«...Расстрелять!»
Шрифт:
Так мы всегда к строевому смотру готовимся: к смотру с песней; маршируем на месте и песню орем. Отрабатываемся. Спрашиваем только:
— Офицеры спереди?
Нам говорят:
— Спереди, спереди, становитесь.
Становимся спереди и начинаем выть:
— Мы службу отслужим, пойдём по домам…
— Отставить петь! Петь только по команде! Раз-два-три…
Правофланговым у нас рыжий штурман. Он у нас ротный запевала. Он прослужил на флоте больше, чем я прожил, уцелел каким-то чудом, и на этом основании петь любил.
Как он поёт, это надо видеть.
— За-пе-ва-й! — подаётся команда, и тут штурман как гаркнет:
— И тогда! Вода нам как земля!
А мы подхватываем:
— И тогда… нам экипаж семья… И тогда любой из нас не против… Хоть всю жизнь… служить в военном флоте…
Песню для смотра мы готовим не одну, а две. В те времена недалекие песни пелись флотом задорные и удивительные. Вот послушайте, что мы пели в полном уме и свежем разуме:
— Если решатся враги на войну… Мы им устроим прогулку по дну… Северный флот… Северный флот… Северный флот… не подведёт…
И ещё раз…
— Северный флот… плюнь ему в рот, Северный флот… не подведёт… Ну, конечно, «плюнь ему в рот» — это наша отсебятина, но насчёт всего остального — это, извините, к автору.

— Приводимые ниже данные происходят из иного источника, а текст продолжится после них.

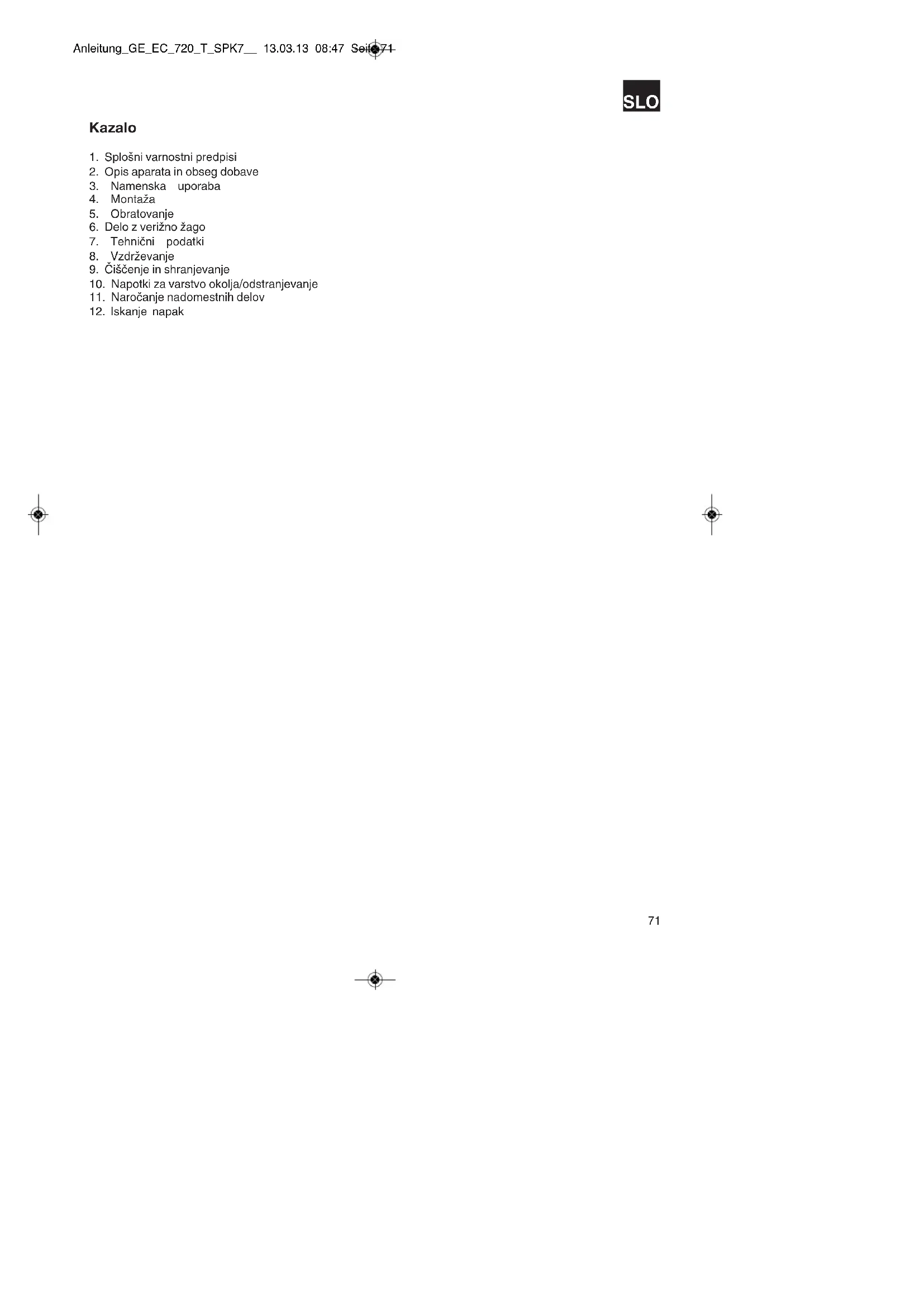 SLO Anleitung_GE_EC_720_T_SPK7__ 13.03.13 08:47 Seite 71Pakiranje: Naprava se nahaja v embalaži, da ne bi prišlo do poškodb med transportom. Ta embalaža je surovina in s tem ponovno uporabna ali pa jo je možno reciklirati. Pri uporabi naprav je potrebno upoštevati nekaj varnostnih ukrepov, da bi preprečili poškodbe in materialno škodo. 앬 Skrbno preberite navodila za uporabo in upoštevajte napotke. S pomočjo teh navodil za uporabo se seznanite s to napravo, njeno pravilno uporabo kot tudi z varnostnimi navodili. 앬 Le-te dobro shranite tako, da boste imeli zmeraj pri roki potrebne informacije. 앬 Če bi napravo izročili drugim osebam, Vas prosimo, da jim izročite tudi ta navodila za uporabo. Ne prevzemamo nobene odgovornosti za nezgode ali škodo, ki bi nastale zaradi neupoštevanja teh navodil za uporabo in varnostnih napotkov.
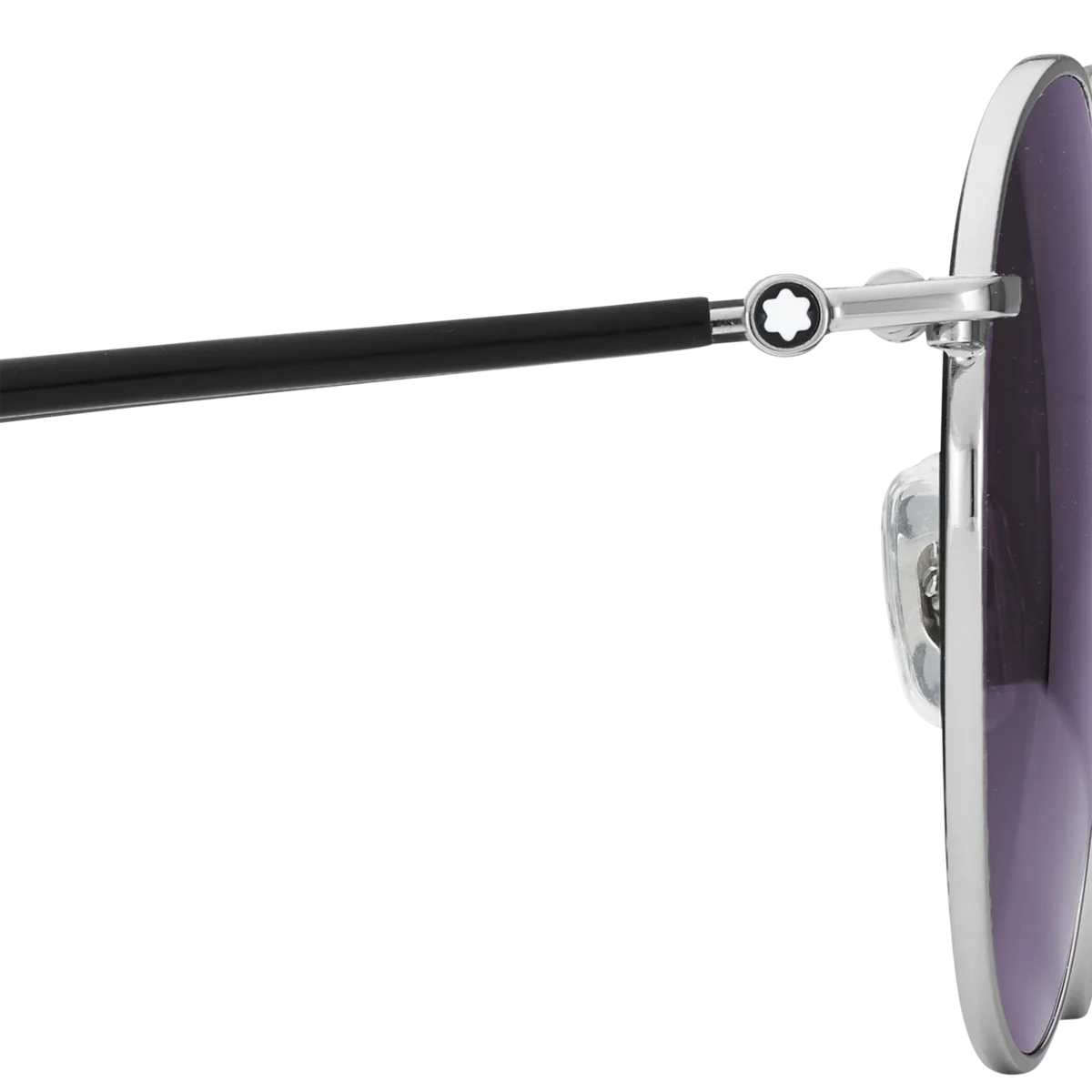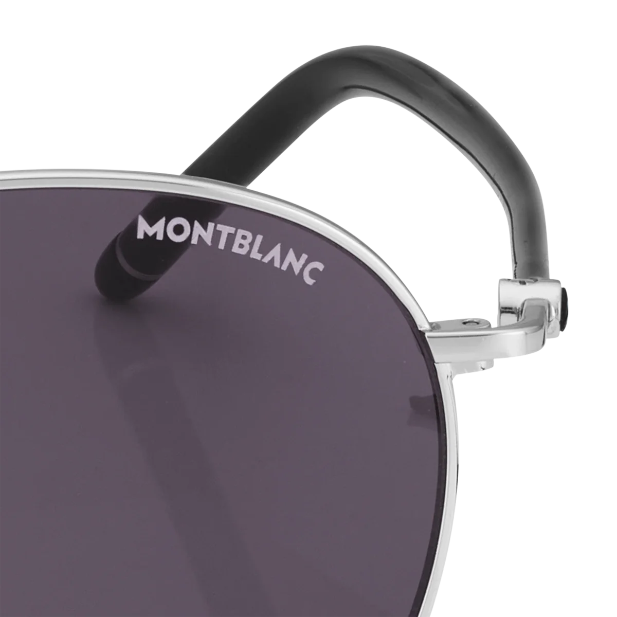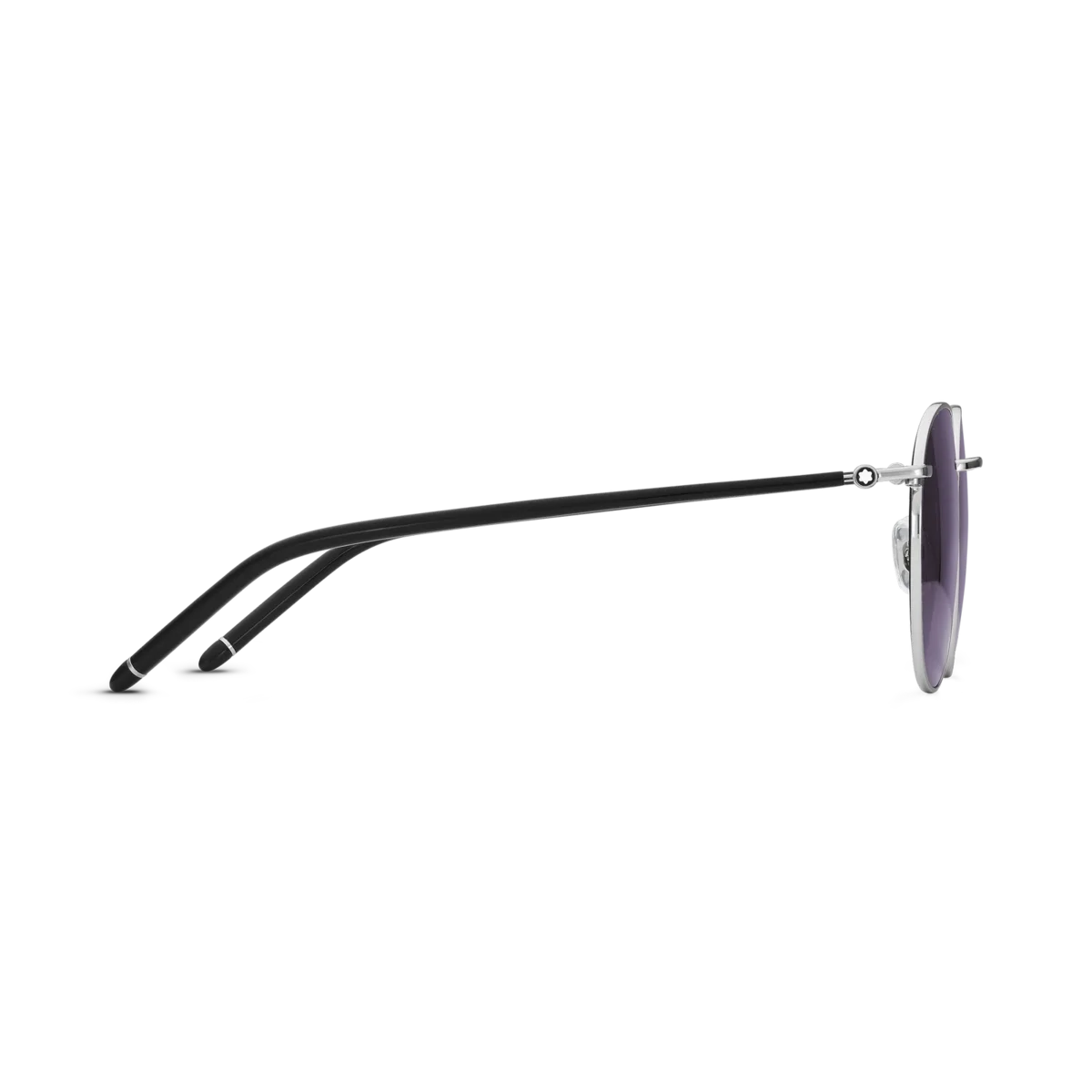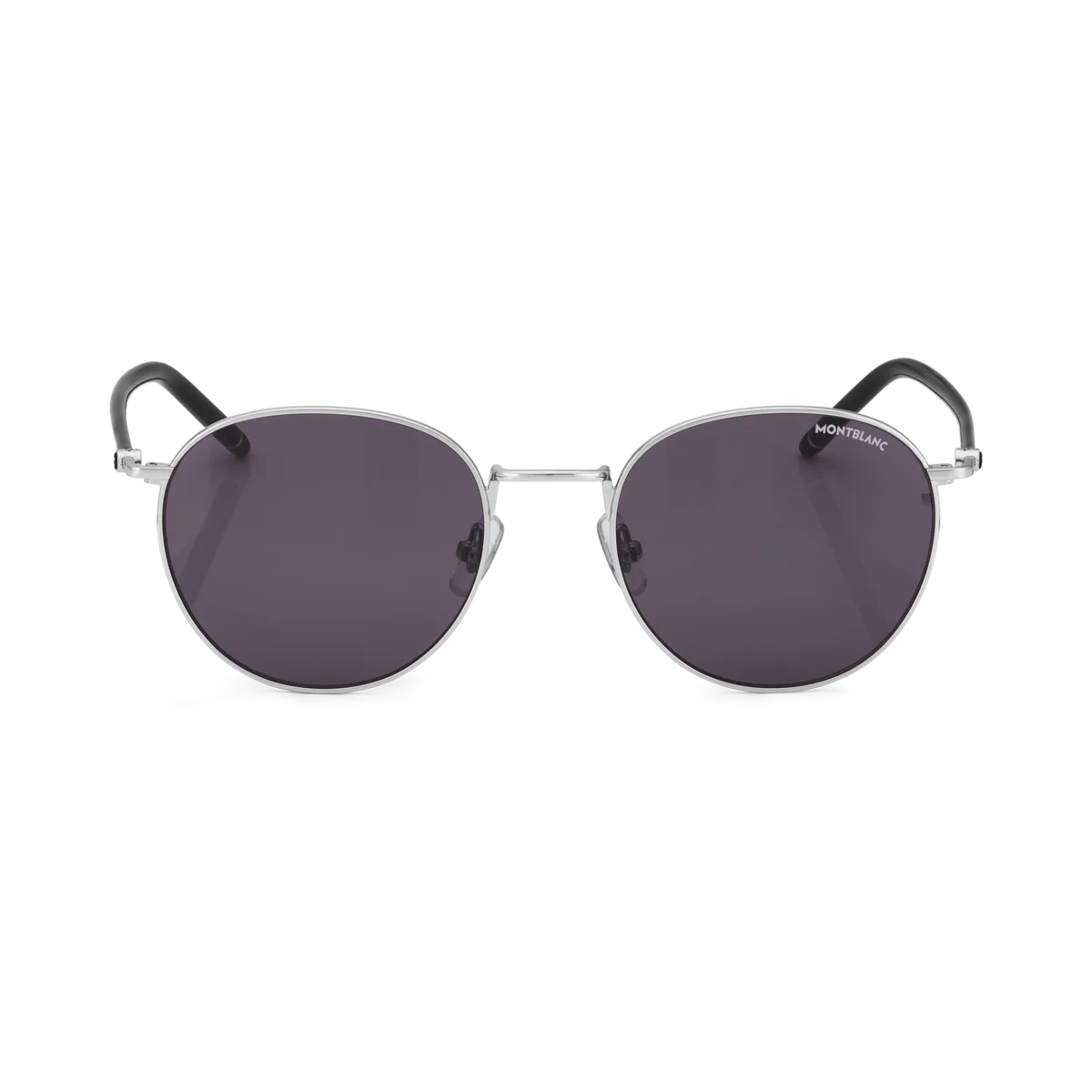 Disse runde solbriller har en sølvfarvet metalramme og grå glas. De rørformede brillestænger er inspireret af Meisterstück-skriveinstrumenterne og beriget med en sort emaljedetalje på brillestængernes ender. Montblanc-logoet er indgraveret på venstre glas, og snowcap-logoet er indkapslet i brillestængerne.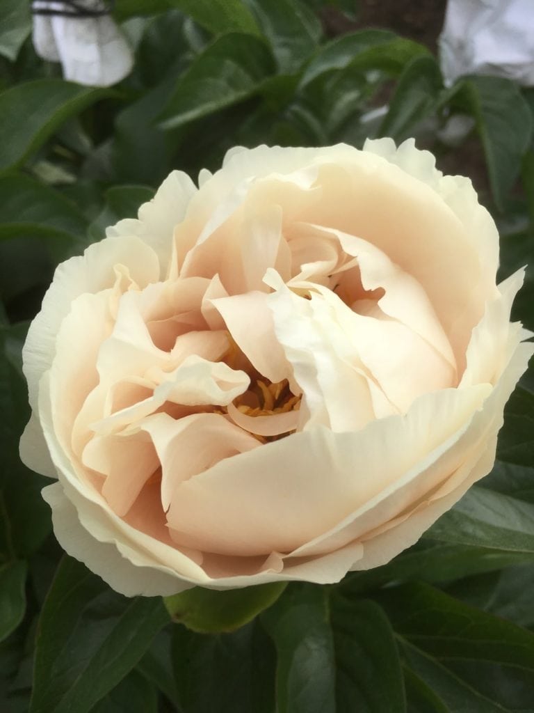 Tranquil Dove is a hybrid peony that derives from a somewhat shady cross. It’s an open pollinated seedling from Halcyon, a strain of very alike plants. Halcyon derives from some P. lactiflora cultivar, and the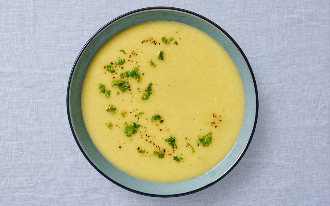 Voeg het water en de bouillonblokjes toe en laat de soep 20 minuten zachtjes koken.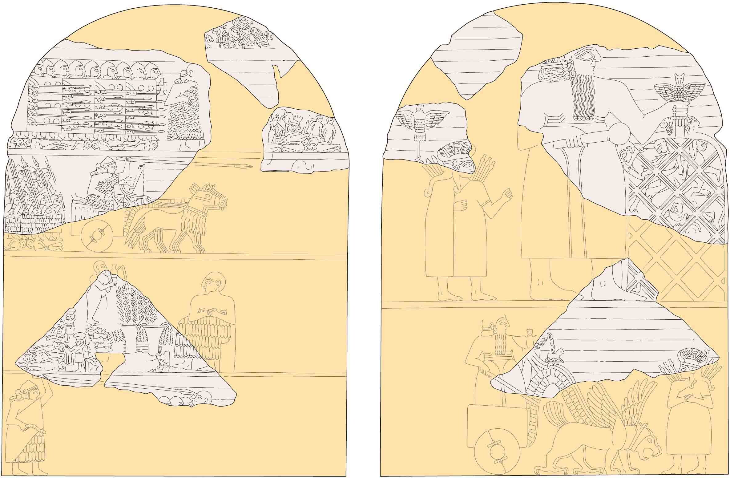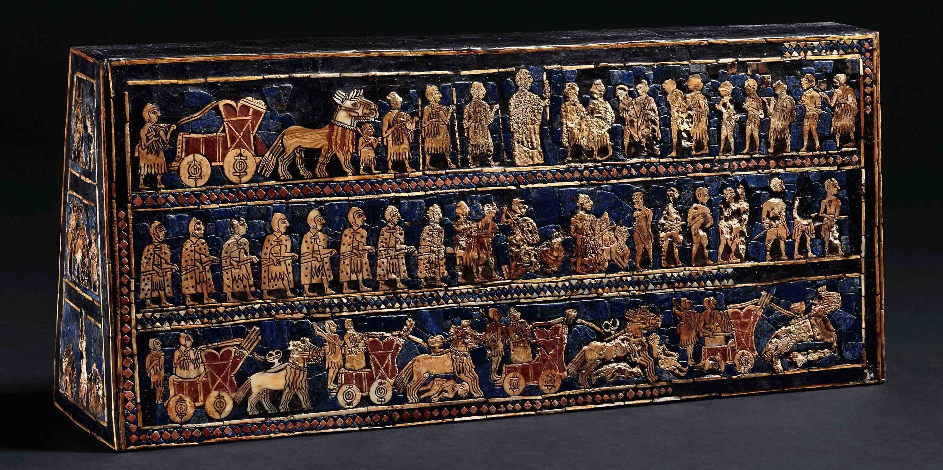 Whatever its function, the standard provides an early example of a pictorial narrative in which political conflict, war, and feasting are linked in a cause-and-effect relationship. Each of its two main faces depicts different episodes in a narrative divided into three horizontal registers, with concluding scenes on the top register. One face depicts a battle and the subsequent capture of prisoners of war, who are then presented to a person of high status (Fig. 3.12a). In the bottom register, chariots, each drawn by four onagers (a species of wild ass or horse), trample over the naked bodies of defeated enemies. The scene continues in the middle register with a group of armed soldiers taking their naked enemies prisoner. In the top register, the captives are presented to the centrally placed ruler. The use of hierarchical scale depicts him as slightly taller than the others, and his dominant position in the scene suggests his status as a leader. Accompanying him are courtiers holding instruments. The chariot at the far left is perhaps reserved for the ruler.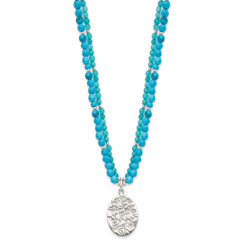 Sterling Silver Recon Magnesite, Indicolite Quartz 2in ext Necklace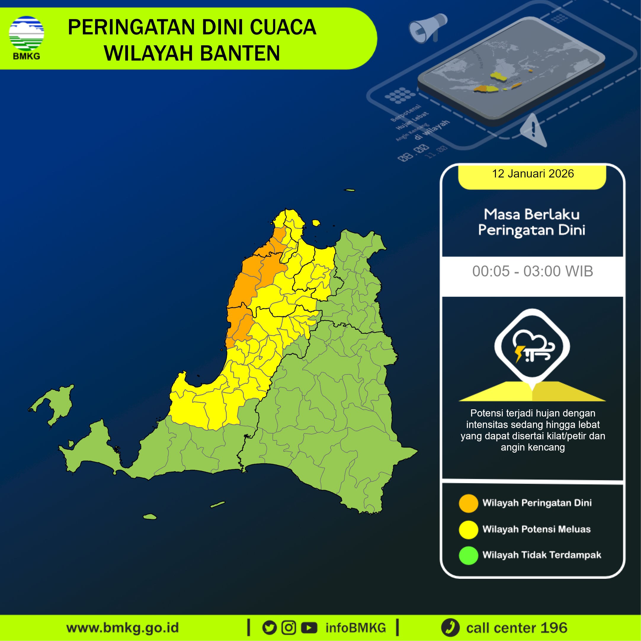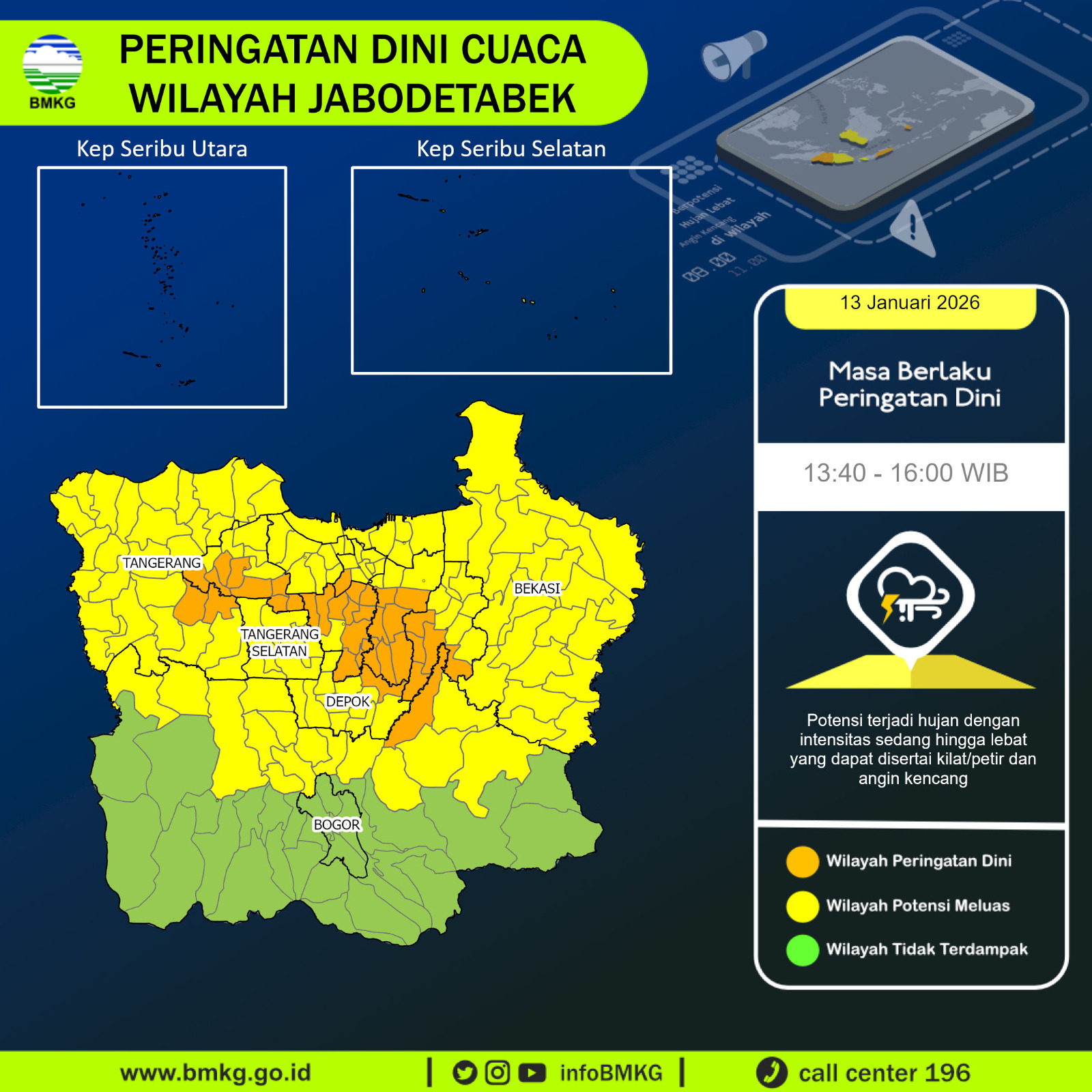 UPDATE Peringatan Dini Cuaca Jabodetabek tgl 13 Januari 2026 pkl 13:30 WIB masih berpotensi terjadi Hujan Sedang-Lebat yang dapat disertai Kilat/Petir dan Angin Kencang pada pkl. 13:40 WIB di

Правда, положа руку на сердце, надо сказать, что нам, на нашем экипаже, ещё хорошо живется. Грех жаловаться. Мы хоть и в воскресенье уродуемся, но всё же всё это происходит до обеда, и нас действительно домой отпускают, если мы поем прилично, а вот за стенкой у нас живет экипаж Чеботарева — «бешеного Чеботаря», вот там — да-а! Там — кино. Финиш! Перед каждым смотром, каждое воскресенье, они, независимо от качества пения, поют с утра и до 23-х часов. В 23.00 — доклад, и в 23.30 — по домам!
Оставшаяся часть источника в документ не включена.